Tensions with Afghanistan have been raised by some of Pakistan’s recent operations against the Taliban, most notably the recent capture in Pakistan of a senior Afghan Taliban leader, Mullah Abdul Ghani Baradar. The former head of the United Nations mission in Afghanistan, Kai Eide, said Friday that the arrest had jeopardized back-channel negotiations with Mr. Baradar’s faction of the Taliban.
But the spokesman for the Pakistani Foreign Ministry, Abdul Basit, said Saturday that Mr. Baradar’s arrest had nothing to do with reconciliation efforts in Afghanistan.
India’s growing role in Afghanistan was also high on Pakistan’s agenda. The spokesman for the Pakistani military, Gen. Athar Abbas, said Pakistan would be “conveying very clearly” its displeasure with India’s offer to help train the Afghan Army at the behest of American and NATO forces. Pakistan has made a counteroffer to train the Afghans, an offer that Pakistan knows is unlikely to be accepted but that it made to pressure Washington to stop the Indian proposal, Pakistani analysts said.

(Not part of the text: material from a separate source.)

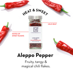 Aleppo Pepper, also known as Halaby pepper, is a magical spice of fruity, tangy chili flakes. The mild heat gives off a raisin-like flavor or a sweetness akin to the best kind of sun-dried tomatoes, unlike other chili pepper flakes. It can be used as a flavor enhancer, similar to salt, to add a special Mediterranean flair to your meals.

General Kayani arrives in Washington after what the Pakistani military considers a stellar nine months in fighting the Pakistani Taliban, first in the region of Swat and most recently in South Waziristan.
The militants, according to the Pakistanis, have been weakened in their bases in the tribal areas, but at a high cost. According to Pakistani Army figures, 2,377 soldiers were killed in the two campaigns. About 1 in 10 of those killed were officers, a very high rate, Professor Hussain said.
With those sacrifices and the heavy toll on army equipment in mind, Pakistan is expecting quicker reimbursement from the United States of its expenses in fighting the militants, General Abbas said.
Pakistan has complained that the United States has unfairly held up payments of $1.2 billion for 2009 under an agreement to help finance the fight against insurgents. For its part, Washington says its auditors need to satisfy Congress that the Pakistani military has properly spent the money owed.